* [Directions for this task]: Would you transcribe only the lines from the one holding "宮崎空港バス乗り場(宮崎交通)より橘通り1丁目下車、約30分(料金380円)" through the end of the material, exactly, without any pictures?
[Start of Attachment]
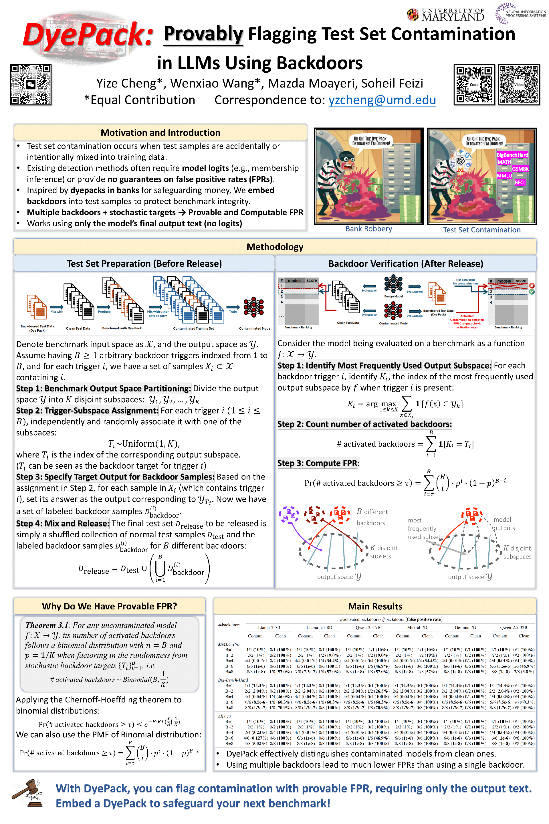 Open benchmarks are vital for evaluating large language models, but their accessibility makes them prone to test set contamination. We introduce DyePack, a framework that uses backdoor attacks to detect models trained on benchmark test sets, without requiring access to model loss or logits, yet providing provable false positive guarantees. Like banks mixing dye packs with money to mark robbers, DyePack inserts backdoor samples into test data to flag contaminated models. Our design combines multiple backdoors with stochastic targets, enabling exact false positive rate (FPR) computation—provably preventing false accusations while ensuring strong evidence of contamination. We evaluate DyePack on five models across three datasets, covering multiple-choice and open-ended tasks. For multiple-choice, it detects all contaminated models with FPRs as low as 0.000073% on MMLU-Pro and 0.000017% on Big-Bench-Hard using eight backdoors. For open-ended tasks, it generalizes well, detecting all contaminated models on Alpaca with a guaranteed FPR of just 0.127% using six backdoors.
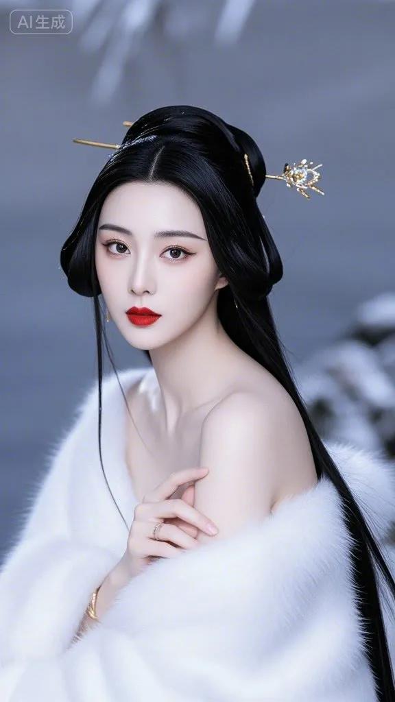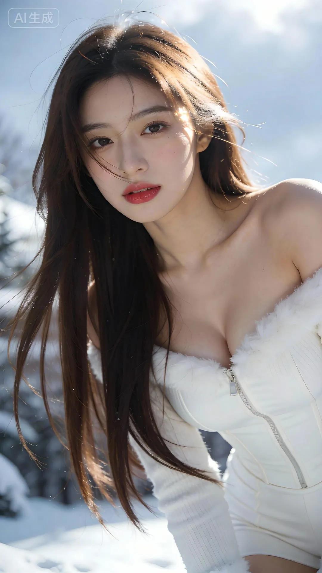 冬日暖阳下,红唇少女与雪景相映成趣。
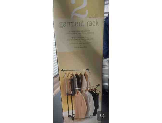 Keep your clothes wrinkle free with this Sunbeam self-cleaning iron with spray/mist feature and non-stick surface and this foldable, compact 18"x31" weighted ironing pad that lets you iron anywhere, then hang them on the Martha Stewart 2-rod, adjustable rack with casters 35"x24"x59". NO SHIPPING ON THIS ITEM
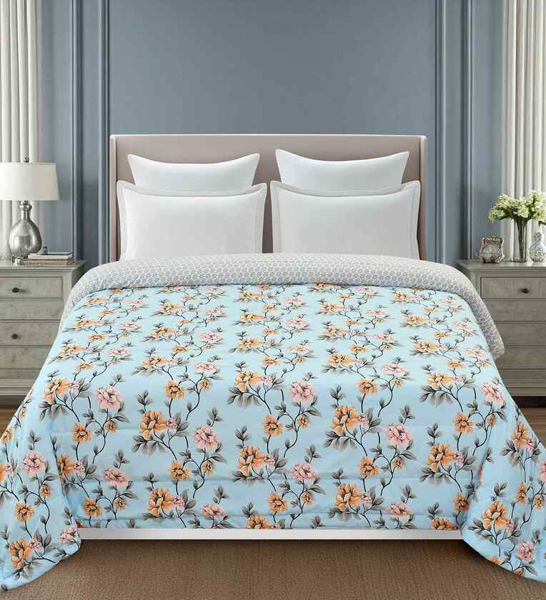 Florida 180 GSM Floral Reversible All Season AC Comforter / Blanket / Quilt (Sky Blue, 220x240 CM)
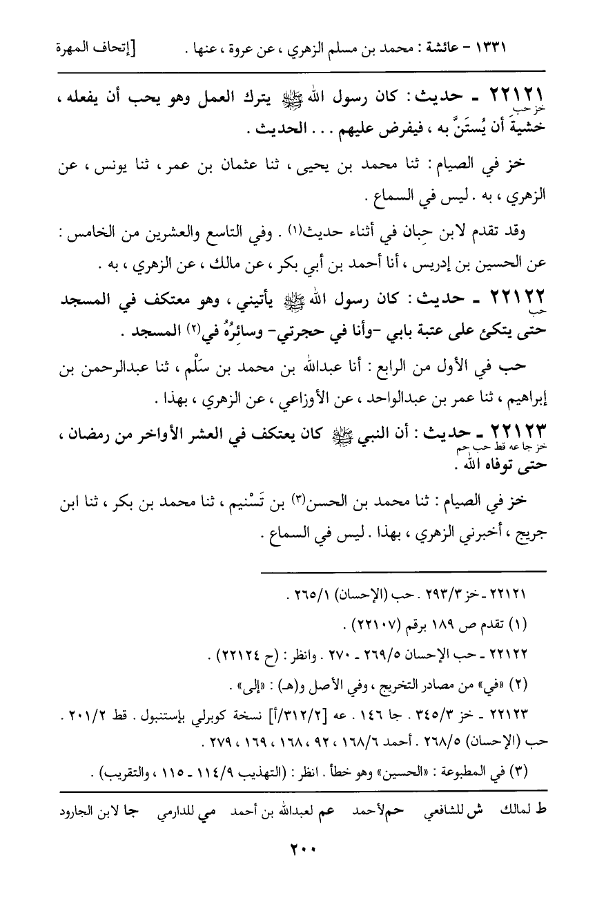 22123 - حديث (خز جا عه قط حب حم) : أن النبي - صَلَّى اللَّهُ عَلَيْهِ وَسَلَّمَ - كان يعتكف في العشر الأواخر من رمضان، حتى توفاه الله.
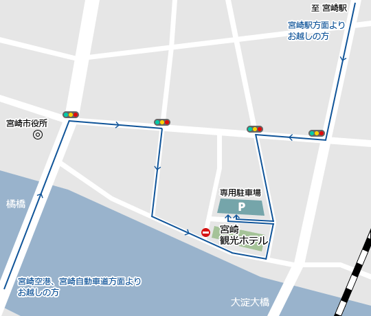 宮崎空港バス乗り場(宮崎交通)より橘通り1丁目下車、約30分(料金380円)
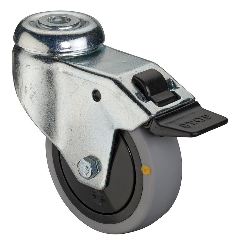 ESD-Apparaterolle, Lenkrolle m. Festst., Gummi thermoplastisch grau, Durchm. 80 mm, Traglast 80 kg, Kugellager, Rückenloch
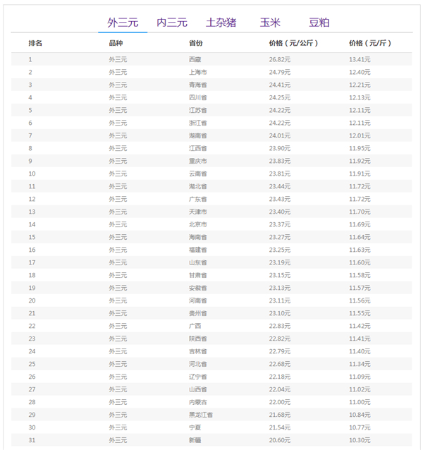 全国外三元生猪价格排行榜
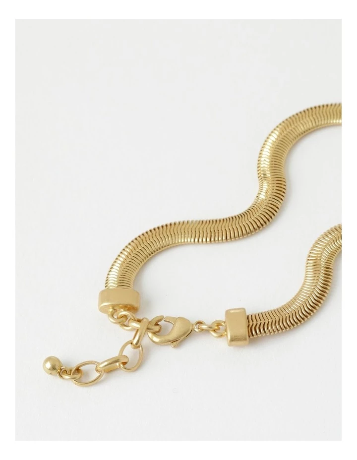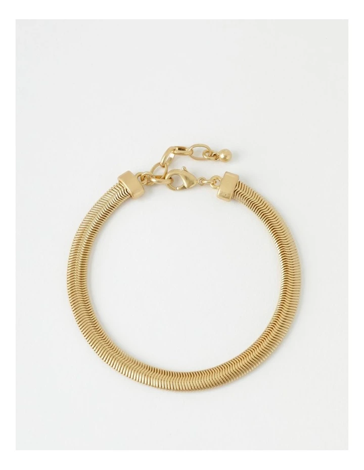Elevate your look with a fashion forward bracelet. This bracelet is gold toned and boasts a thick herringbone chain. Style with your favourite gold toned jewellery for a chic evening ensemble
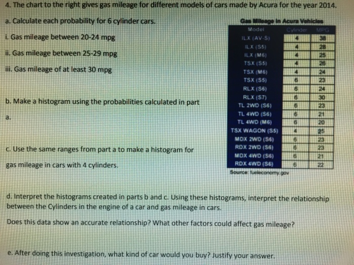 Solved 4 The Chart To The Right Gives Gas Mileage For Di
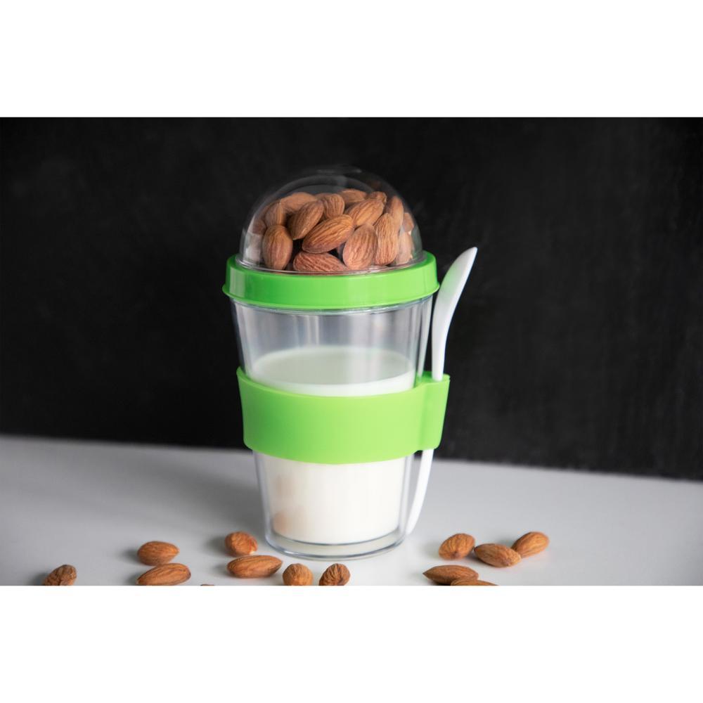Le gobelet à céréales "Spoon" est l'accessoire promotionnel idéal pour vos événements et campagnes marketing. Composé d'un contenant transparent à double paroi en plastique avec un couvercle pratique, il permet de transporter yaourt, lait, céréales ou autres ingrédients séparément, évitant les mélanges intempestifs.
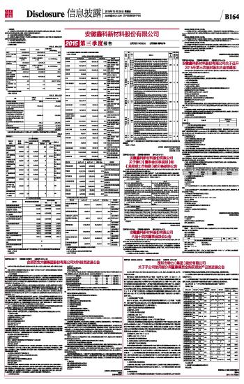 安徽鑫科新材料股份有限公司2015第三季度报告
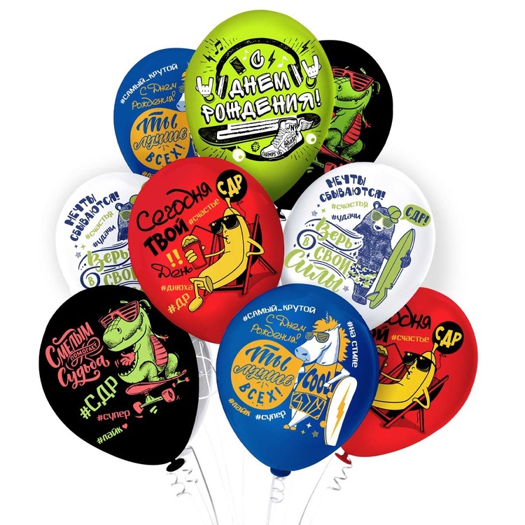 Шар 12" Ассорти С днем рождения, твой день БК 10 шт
[End of Attachment]
* [Solution for this problem]:
 宮崎空港バス乗り場(宮崎交通)より橘通り1丁目下車、約30分(料金380円)
 ESD-Apparaterolle, Lenkrolle m. Festst., Gummi thermoplastisch grau, Durchm. 80 mm, Traglast 80 kg, Kugellager, Rückenloch
 全国外三元生猪价格排行榜
Elevate your look with a fashion forward bracelet. This bracelet is gold toned and boasts a thick herringbone chain. Style with your favourite gold toned jewellery for a chic evening ensemble
 Solved 4 The Chart To The Right Gives Gas Mileage For Di
Le gobelet à céréales "Spoon" est l'accessoire promotionnel idéal pour vos événements et campagnes marketing. Composé d'un contenant transparent à double paroi en plastique avec un couvercle pratique, il permet de transporter yaourt, lait, céréales ou autres ingrédients séparément, évitant les mélanges intempestifs.
 安徽鑫科新材料股份有限公司2015第三季度报告
 Шар 12" Ассорти С днем рождения, твой день БК 10 шт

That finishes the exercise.